# Supplied records:
"""
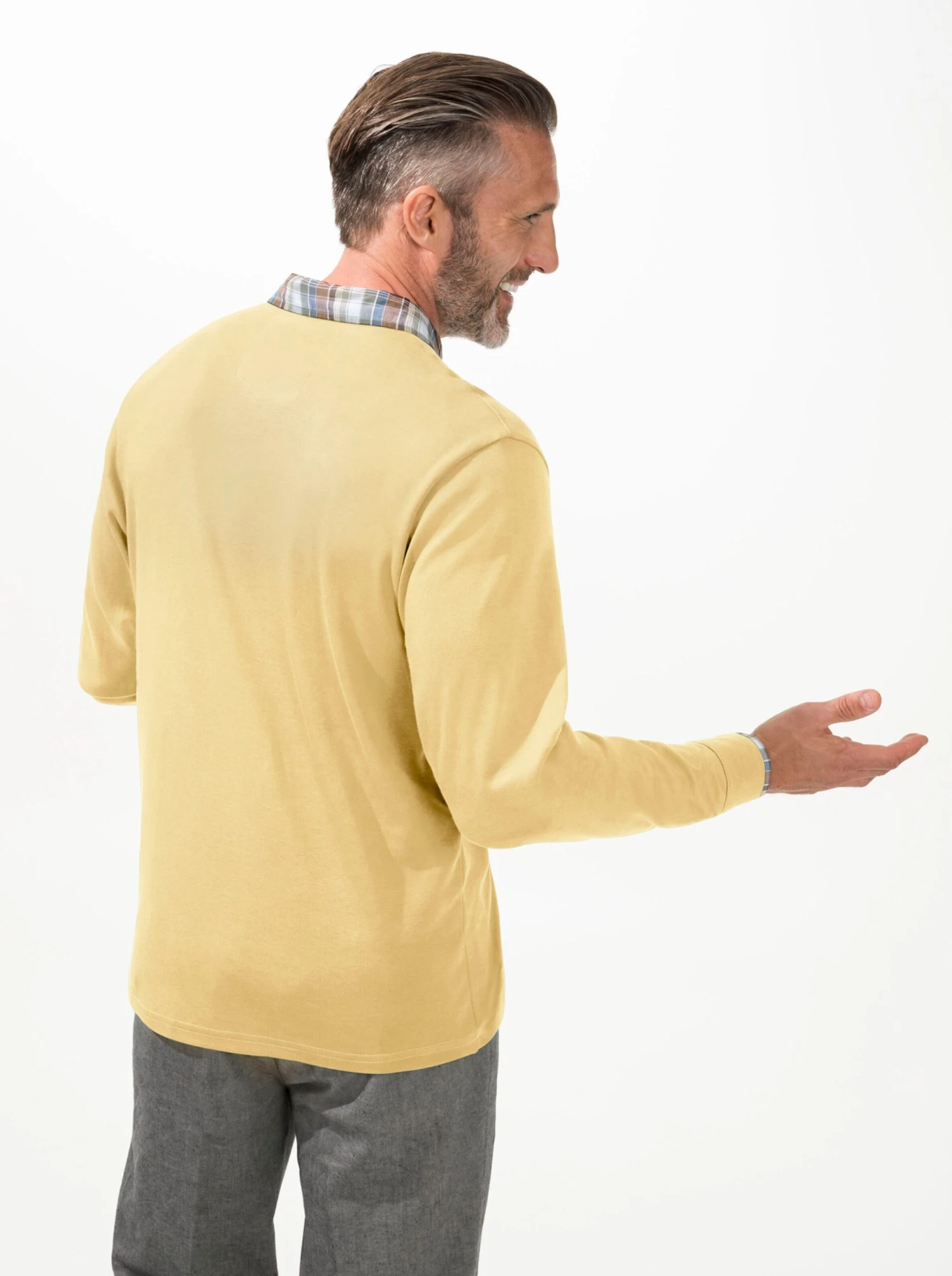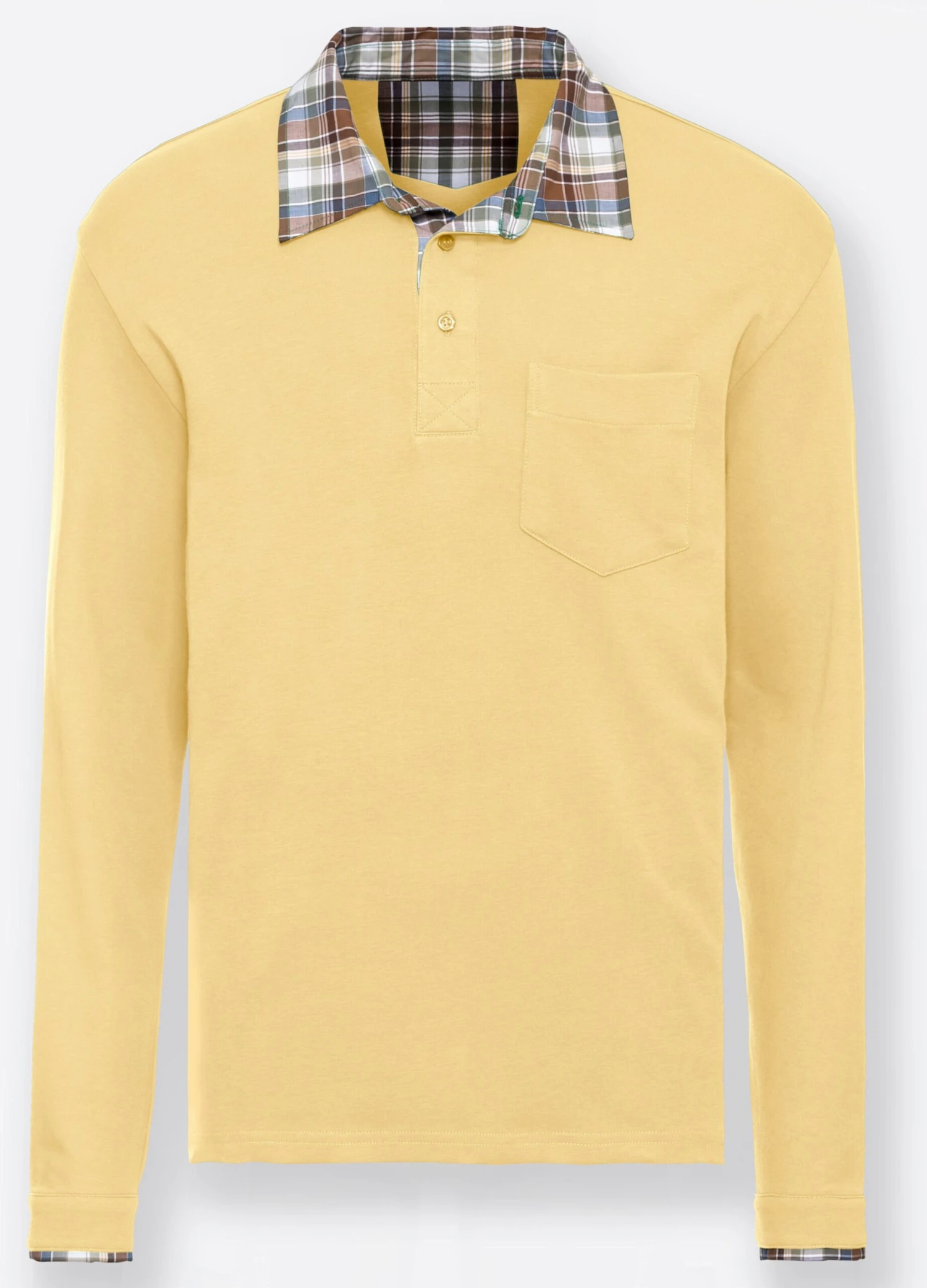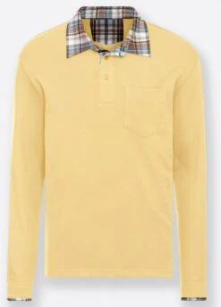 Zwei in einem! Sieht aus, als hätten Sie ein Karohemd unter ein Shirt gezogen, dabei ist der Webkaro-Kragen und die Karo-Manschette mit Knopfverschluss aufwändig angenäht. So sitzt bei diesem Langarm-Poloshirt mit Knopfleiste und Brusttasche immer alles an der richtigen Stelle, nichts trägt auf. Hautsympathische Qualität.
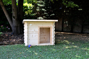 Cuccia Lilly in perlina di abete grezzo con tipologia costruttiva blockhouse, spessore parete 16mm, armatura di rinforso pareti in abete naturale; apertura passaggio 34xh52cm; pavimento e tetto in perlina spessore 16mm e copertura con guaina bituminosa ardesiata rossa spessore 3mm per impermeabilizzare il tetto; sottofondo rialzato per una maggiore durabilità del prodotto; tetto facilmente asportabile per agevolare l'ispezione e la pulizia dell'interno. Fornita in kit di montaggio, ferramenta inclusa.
"""
"""
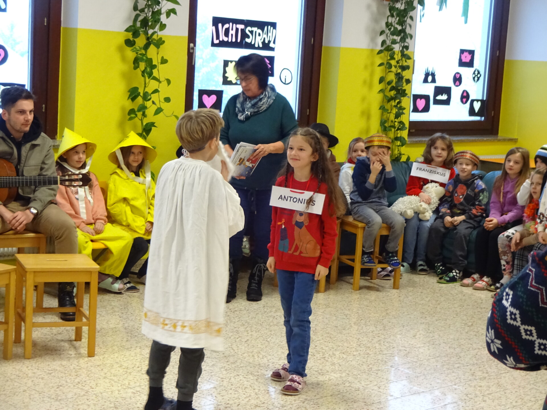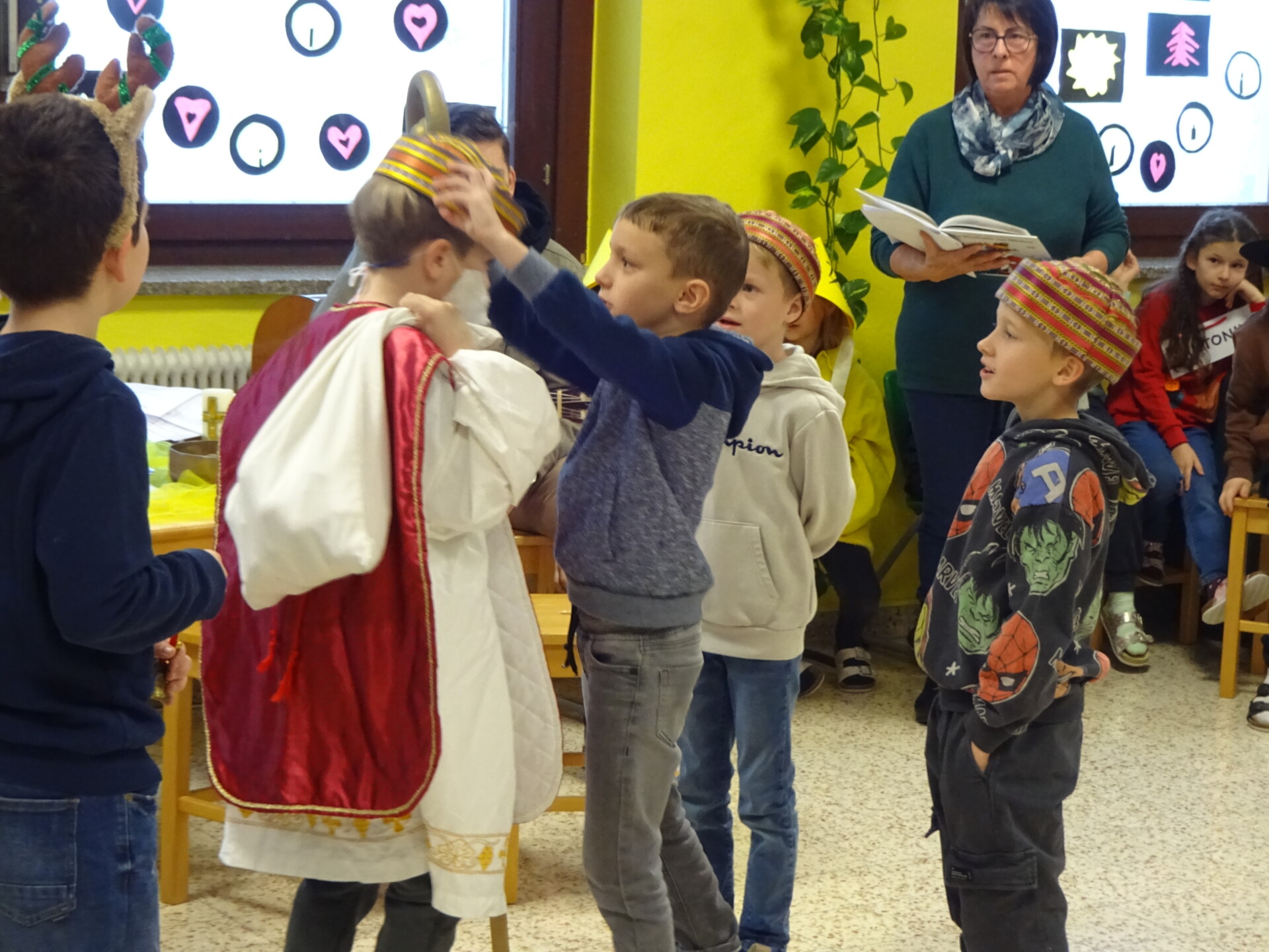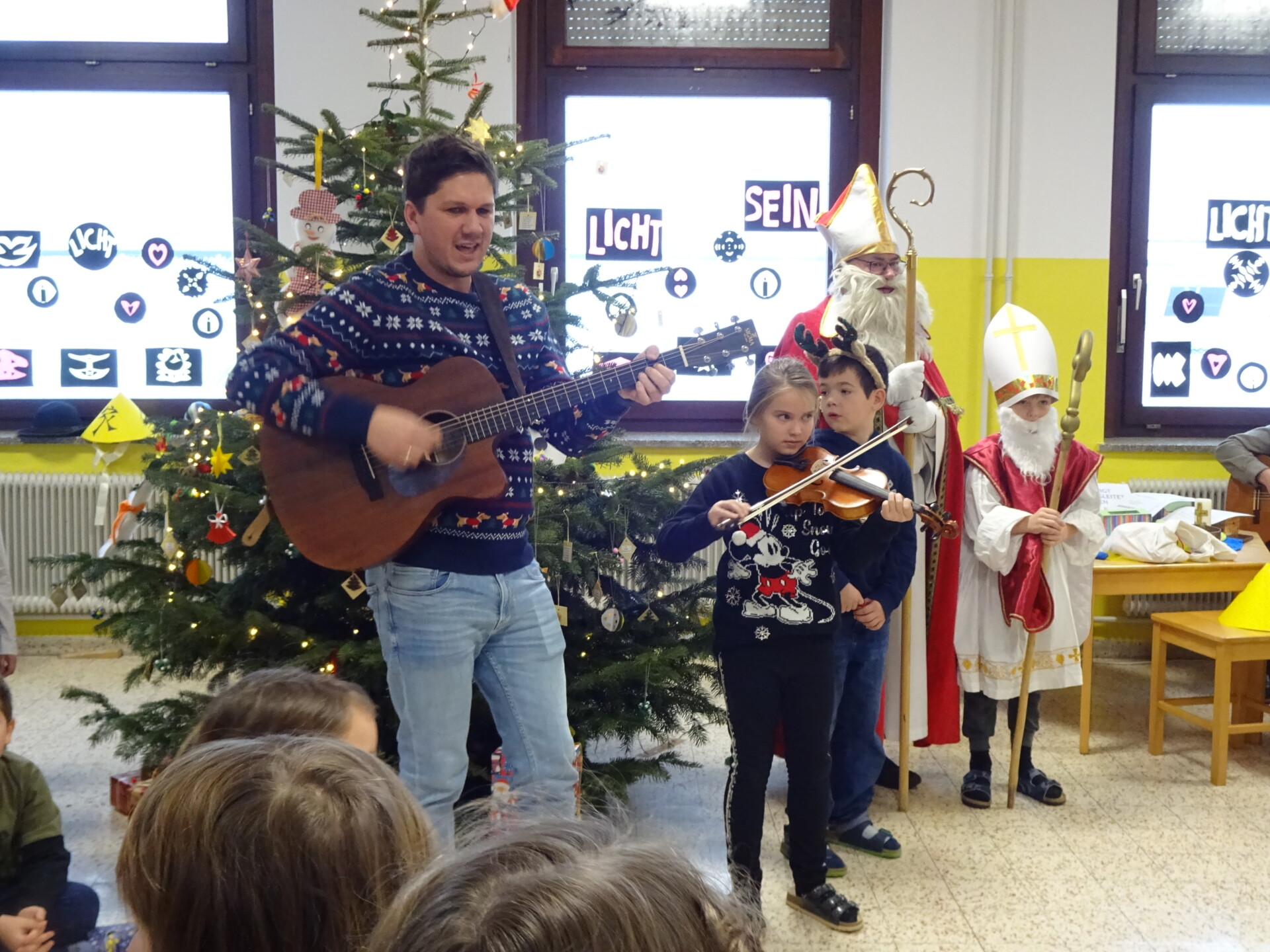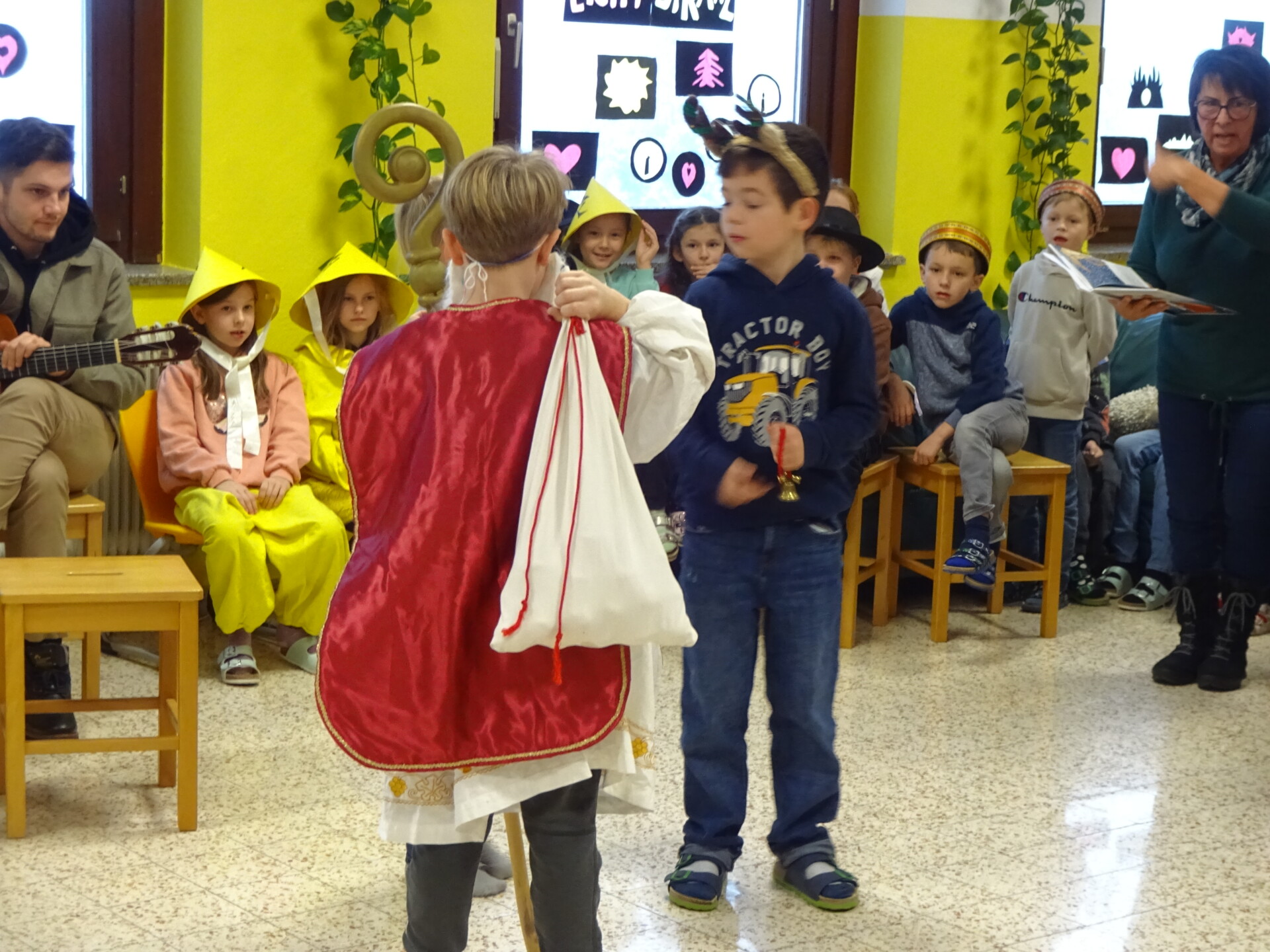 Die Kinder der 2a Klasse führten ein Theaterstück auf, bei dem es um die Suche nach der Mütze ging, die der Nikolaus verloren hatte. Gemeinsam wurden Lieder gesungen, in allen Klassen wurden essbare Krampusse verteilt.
"""
"""
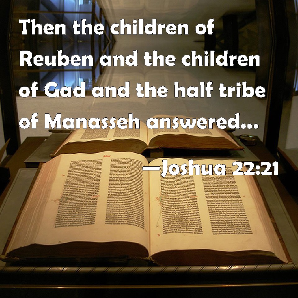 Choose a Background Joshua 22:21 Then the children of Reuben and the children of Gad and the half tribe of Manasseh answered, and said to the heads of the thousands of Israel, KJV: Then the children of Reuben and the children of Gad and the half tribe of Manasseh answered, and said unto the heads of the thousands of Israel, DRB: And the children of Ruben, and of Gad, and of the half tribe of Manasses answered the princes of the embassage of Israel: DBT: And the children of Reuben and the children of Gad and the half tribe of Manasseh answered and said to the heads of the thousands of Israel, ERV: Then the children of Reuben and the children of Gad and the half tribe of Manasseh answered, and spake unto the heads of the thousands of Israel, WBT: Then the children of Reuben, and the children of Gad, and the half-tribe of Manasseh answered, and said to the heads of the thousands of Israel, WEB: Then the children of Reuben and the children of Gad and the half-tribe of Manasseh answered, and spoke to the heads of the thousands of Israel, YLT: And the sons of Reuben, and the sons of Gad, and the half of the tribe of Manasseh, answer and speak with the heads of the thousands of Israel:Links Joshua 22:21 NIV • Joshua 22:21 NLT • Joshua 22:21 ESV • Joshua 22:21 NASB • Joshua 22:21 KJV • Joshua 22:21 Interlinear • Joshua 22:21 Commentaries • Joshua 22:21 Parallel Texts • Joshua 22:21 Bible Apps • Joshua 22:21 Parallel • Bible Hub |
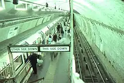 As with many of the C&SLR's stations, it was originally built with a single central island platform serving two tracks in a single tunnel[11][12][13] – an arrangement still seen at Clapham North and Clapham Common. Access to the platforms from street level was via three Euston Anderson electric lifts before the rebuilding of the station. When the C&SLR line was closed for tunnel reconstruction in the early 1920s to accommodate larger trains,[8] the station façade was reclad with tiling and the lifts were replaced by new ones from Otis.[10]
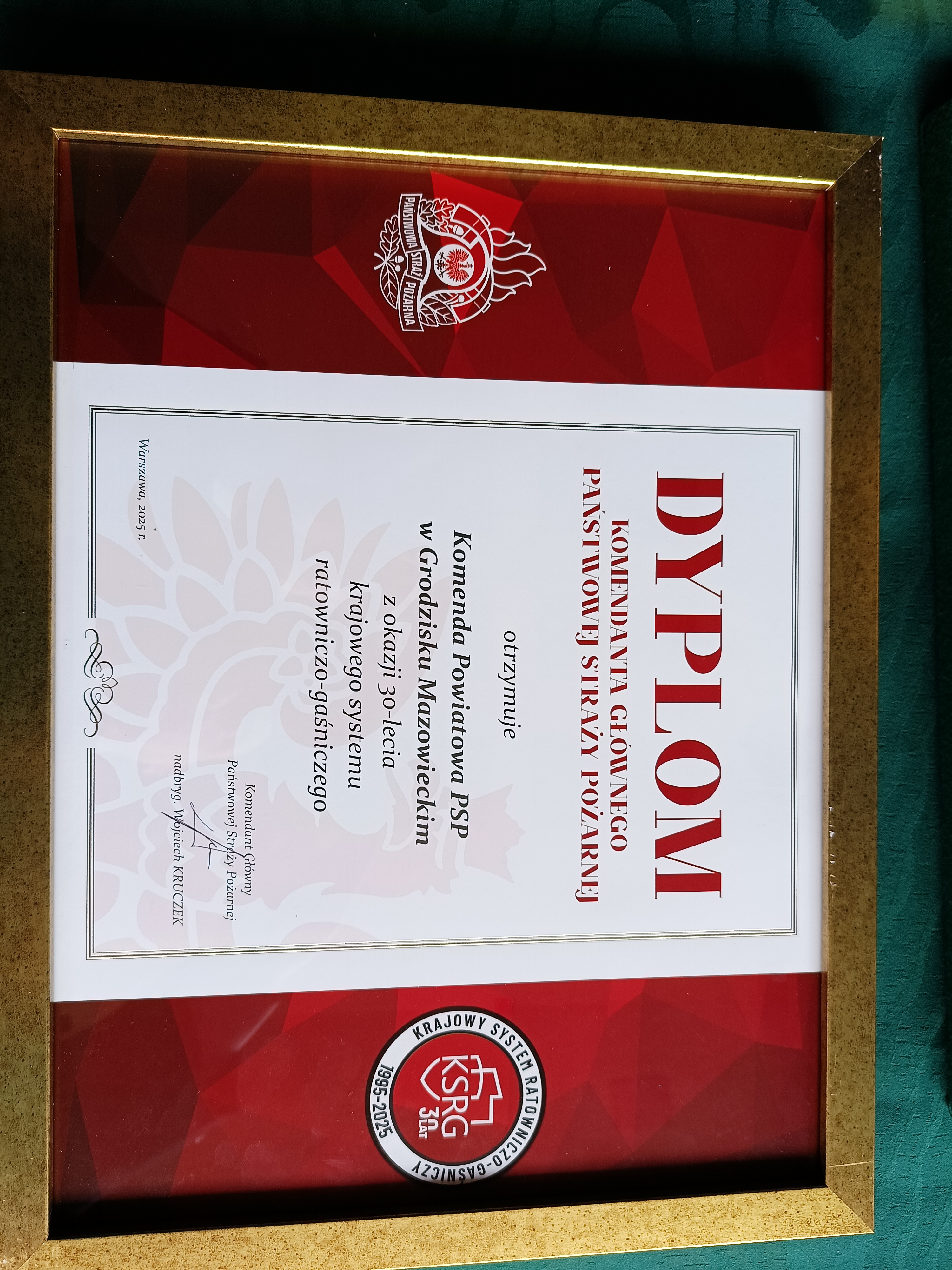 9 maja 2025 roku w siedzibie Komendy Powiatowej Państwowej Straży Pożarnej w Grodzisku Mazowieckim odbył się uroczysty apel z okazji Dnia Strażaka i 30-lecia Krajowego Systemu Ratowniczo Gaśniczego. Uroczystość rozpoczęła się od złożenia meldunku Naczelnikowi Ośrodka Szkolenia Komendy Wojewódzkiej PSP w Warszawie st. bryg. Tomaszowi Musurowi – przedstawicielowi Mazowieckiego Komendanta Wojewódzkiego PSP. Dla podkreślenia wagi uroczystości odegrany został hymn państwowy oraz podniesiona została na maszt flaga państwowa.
"""
Without the pictures, give again exactly the lines above starting at the line containing "Zwei in einem!" and ending at the line containing "Cuccia Lilly in".

# Answer space:
 Zwei in einem! Sieht aus, als hätten Sie ein Karohemd unter ein Shirt gezogen, dabei ist der Webkaro-Kragen und die Karo-Manschette mit Knopfverschluss aufwändig angenäht. So sitzt bei diesem Langarm-Poloshirt mit Knopfleiste und Brusttasche immer alles an der richtigen Stelle, nichts trägt auf. Hautsympathische Qualität.
 Cuccia Lilly in perlina di abete grezzo con tipologia costruttiva blockhouse, spessore parete 16mm, armatura di rinforso pareti in abete naturale; apertura passaggio 34xh52cm; pavimento e tetto in perlina spessore 16mm e copertura con guaina bituminosa ardesiata rossa spessore 3mm per impermeabilizzare il tetto; sottofondo rialzato per una maggiore durabilità del prodotto; tetto facilmente asportabile per agevolare l'ispezione e la pulizia dell'interno. Fornita in kit di montaggio, ferramenta inclusa.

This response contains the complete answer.